### [YOUR TASK]
Reply only with how many lines in these entries hold the string "other".

GIVEN RECORDS below:

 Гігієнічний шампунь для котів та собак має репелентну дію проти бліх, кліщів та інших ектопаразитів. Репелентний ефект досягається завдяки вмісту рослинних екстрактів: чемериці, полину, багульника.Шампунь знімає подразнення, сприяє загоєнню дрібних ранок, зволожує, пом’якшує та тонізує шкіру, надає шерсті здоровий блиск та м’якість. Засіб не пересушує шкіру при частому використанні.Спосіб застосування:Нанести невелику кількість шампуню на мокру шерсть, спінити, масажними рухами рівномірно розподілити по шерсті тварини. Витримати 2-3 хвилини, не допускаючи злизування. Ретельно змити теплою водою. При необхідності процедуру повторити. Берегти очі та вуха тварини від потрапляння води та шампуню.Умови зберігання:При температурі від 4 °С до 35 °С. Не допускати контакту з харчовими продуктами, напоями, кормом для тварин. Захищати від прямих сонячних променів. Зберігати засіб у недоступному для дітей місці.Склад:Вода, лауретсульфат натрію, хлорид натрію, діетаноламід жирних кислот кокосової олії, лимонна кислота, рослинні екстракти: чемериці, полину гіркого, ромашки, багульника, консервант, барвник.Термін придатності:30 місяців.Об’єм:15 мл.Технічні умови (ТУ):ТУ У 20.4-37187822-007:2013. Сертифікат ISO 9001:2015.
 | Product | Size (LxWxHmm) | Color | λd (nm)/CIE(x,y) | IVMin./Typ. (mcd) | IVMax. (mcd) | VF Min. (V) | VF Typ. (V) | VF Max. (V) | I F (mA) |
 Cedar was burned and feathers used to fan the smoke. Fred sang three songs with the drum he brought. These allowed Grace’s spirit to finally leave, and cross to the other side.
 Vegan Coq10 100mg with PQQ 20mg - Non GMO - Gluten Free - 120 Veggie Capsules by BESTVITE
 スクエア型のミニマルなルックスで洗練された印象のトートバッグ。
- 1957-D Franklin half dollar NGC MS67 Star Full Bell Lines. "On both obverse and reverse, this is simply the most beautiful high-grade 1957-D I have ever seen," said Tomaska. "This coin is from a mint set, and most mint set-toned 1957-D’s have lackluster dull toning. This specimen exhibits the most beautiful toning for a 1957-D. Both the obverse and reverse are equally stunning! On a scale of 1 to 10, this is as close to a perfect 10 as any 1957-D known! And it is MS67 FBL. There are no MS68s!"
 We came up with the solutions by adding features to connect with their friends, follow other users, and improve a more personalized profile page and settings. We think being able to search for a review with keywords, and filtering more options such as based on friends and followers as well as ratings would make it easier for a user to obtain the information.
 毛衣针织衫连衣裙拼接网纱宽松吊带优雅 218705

End of GIVEN RECORDS.

### [OUTPUT FOR THIS EXERCISE]
2